A third silver lining is that Roberts gave states the freedom to opt out of the Medicaid expansion envisioned by the bill.  The Act required states to expand Medicaid coverage from low-income adults with children to all individuals below 133% of the poverty level.  It punished states who chose not to expand enrollment with not only loss of the expansion funds but also loss of all Medicaid funds.  Roberts ruled that Congress can deny expansion funds but not all Medicaid funds, which would amount to roughly ten percent of state budgets.

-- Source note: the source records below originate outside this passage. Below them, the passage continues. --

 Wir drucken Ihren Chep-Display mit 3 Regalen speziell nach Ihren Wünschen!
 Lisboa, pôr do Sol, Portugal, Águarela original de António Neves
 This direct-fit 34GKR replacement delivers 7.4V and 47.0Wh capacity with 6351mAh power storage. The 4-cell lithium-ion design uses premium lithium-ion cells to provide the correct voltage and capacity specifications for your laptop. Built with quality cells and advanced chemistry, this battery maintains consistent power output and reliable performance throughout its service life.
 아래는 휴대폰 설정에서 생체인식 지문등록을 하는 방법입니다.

I will vote not to expand Medicaid in this fashion, and you should hold all your elected officials in Tennessee to the same standard.  Expanding Medicaid would be fiscally irresponsible.  Congress is proposing to fund the Medicaid expansion for the first two years but not after that.  As with many federal programs, Congress offers up-front money to seduce states into making promises to their citizens that they cannot keep.  When Congress takes those dollars away, state taxpayers are left footing the bill.  That is why I am proud to have led the opposition in Tennessee to taking stimulus funds in 2009 and why I am happy to lead the opposition to federal funds again.  With your help, this time it will be a successful effort.

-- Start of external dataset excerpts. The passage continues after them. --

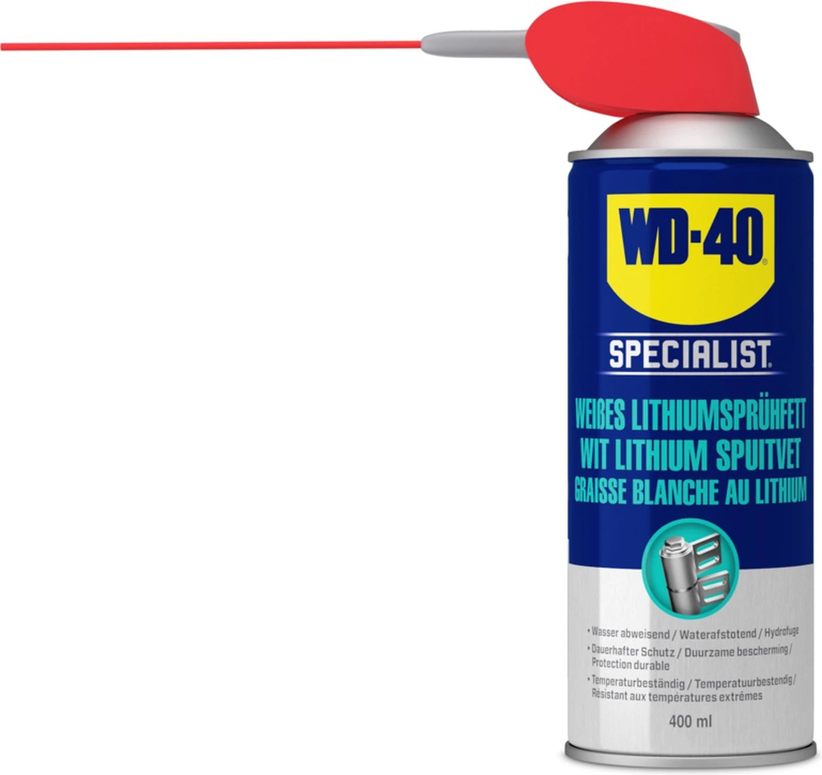 WD-40 Specialist Wit Lithium Spuitvet. Vertrouwde kwaliteit, speciaal voor metaal-op-metaal.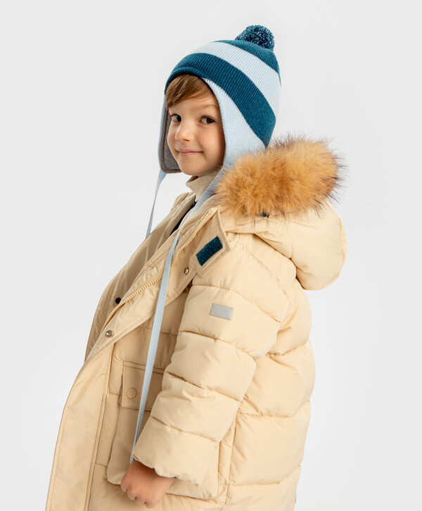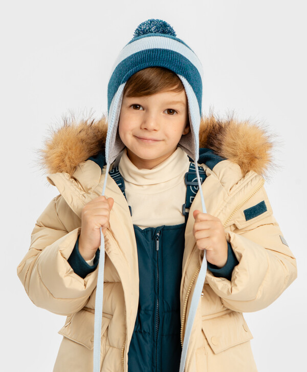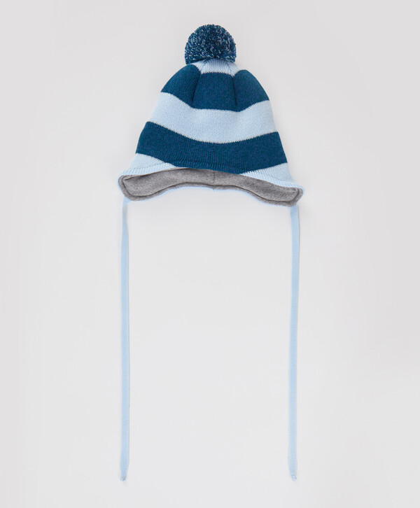 525 р. 750 р. Шапка бини с ушками на завязках и с помпоном мультицвет для мальчика Button Blue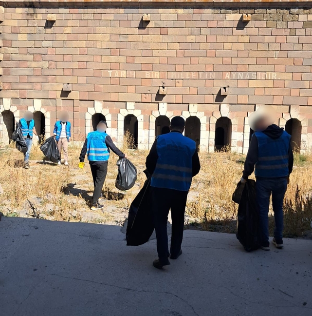 Yakutiye ilçesi Gökçeyamaç Mahallesi sınırlarında, 1910 metre rakımlı tepe üzerinde yer alan tabyada iki hafta süren çalışmalara, Denetimli Serbestlik kapsamında “kamuya yararlı bir işte ücretsiz çalıştırılma yükümlülüğü” bulunan 15 yükümlü ile Dumlu Açık Ceza İnfaz Kurumu’ndan 15 hükümlü katıldı.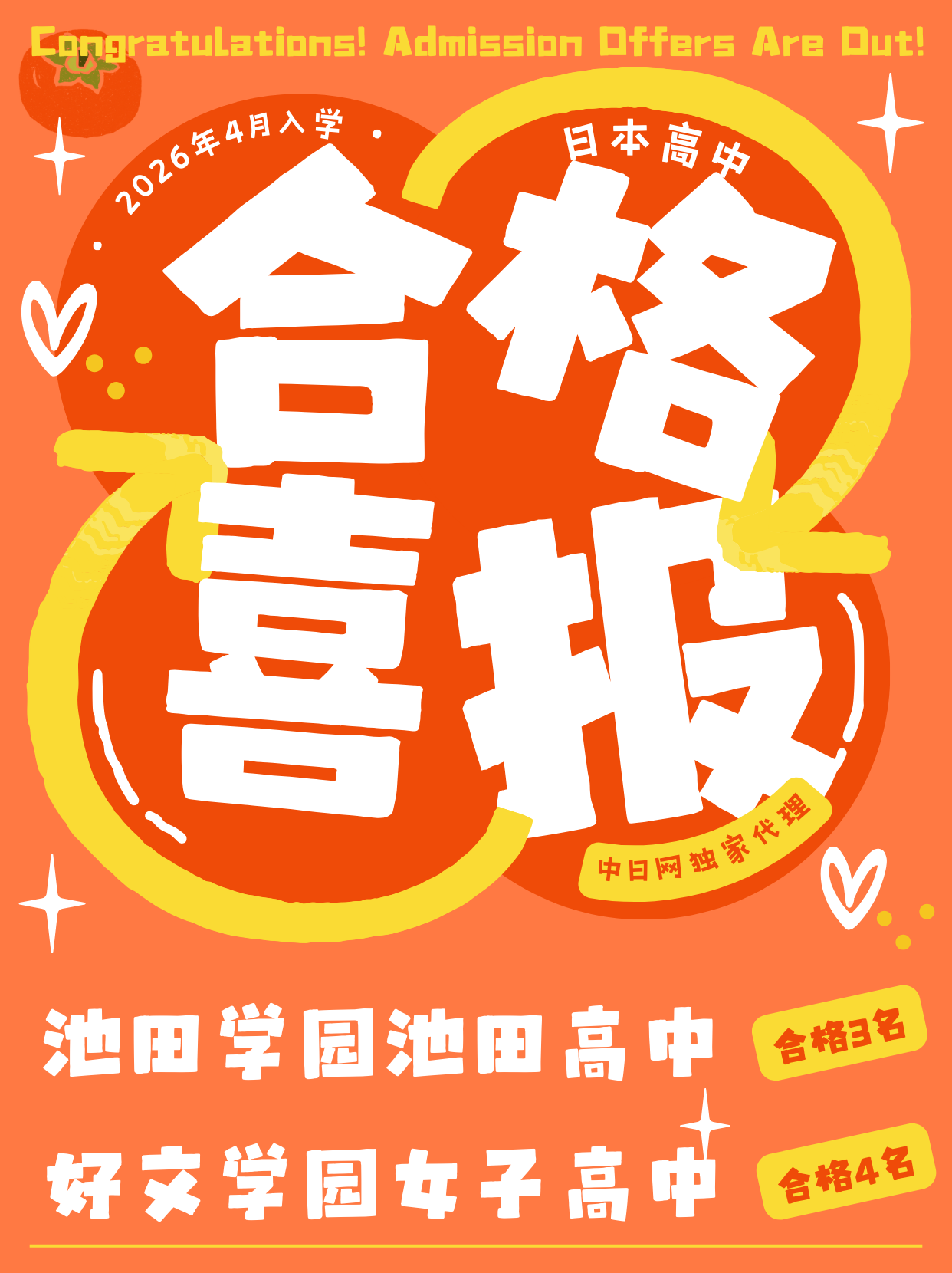 就在上周,池田学园池田高中、好文学园女子高中、山梨英和高中在上海的留学生招生考试刚刚结束!!合格喜报便火速传来——这次我们有3名男生成功合格池田学园池田高中!4名女生拿下好文学园女子高中!超棒!!不过山梨英和的合格名单还在路上,需要再耐心等一等,很快就会有消息哒~

A fourth silver lining in the decision is that Congress remains free to repeal the Affordable Care Act if it so chooses.  Had Roberts ruled the Act unconstitutional, elected officials would have no further say in the matter.  Those of us who advocated for the appointment of Chief Justice Roberts and other justices who believe in interpreting the Constitution according to its original meaning did so in protest against Supreme Court justices who had used a Living Constitution interpretation to strike down acts of Congress with which they disagreed on mere policy grounds.  Roberts certainly has not gone down that path.  As Roberts said, Members of this Court are vested with the authority to interpret the law; we possess neither the expertise nor the prerogative to make policy judgments. Those decisions are entrusted to our Nation’s elected leaders, who can be thrown out of office if the people disagree with them. It is not our job to protect the people from the consequences of their political choices.

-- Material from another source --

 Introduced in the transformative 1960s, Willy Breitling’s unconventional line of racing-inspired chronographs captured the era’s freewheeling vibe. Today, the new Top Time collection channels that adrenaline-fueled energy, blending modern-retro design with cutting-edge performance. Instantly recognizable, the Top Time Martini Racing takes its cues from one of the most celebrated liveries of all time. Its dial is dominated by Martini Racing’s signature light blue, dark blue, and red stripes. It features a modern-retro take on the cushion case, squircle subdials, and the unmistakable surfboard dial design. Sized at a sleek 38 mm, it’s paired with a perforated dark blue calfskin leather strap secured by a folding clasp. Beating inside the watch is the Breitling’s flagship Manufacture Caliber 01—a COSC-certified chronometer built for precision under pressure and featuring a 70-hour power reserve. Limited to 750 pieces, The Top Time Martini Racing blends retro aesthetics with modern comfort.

A fifth silver lining for Republicans is that outrage against the Affordable Care Act will help elect Mitt Romney president and help Republicans win a majority in the Senate to match their majority in the U.S. House.  The Supreme Court decision helped bring a two-year-old, highly unpopular Democratic idea back to the forefront of American voters' minds.

I predict that the November elections will result in a Mitt Romney presidency and in Republican majorities in the House and the Senate.  But I also predict that the Affordable Care Act will not be repealed.  The reason for that is the same reason that the Act had to be rammed through Congress in a hurried fashion when it was first passed.  It takes sixty votes to do anything meaningful in the Senate.  Without sixty votes, Republicans will have a hard time repealing the Act.

The sixth silver lining is that the Roberts split decision may force Democrats to the negotiation table.  By upholding the individual mandate as a tax but striking down the requirement for states to expand Medicaid, there may be individuals caught in between the two provisions.  If states hold strong in their opposition to Medicaid expansion, there may be low-income workers who are not covered by Medicaid, who choose not to purchase health insurance, and who now will be faced with a 2.5% income tax hike.  Even pro-tax Democrats will not want to be responsible for having hit this low-income group with a tax hike.  Their desire to rewrite this provision may open the door for real, bipartisan health care reform that all Americans can be proud of.  If that occurs, this decision may be in the league with Marbury v. Madison after all.  Only time will tell.

Brian Kelsey is a Republican State Senator from Germantown and was one of 101 state legislators joining the challenge to the Affordable Care Act as Amici Curiae ("Friends of the Court") in a brief drafted by the Goldwater Institute.  He has taught constitutional law as an adjunct undergraduate instructor at the University of Memphis.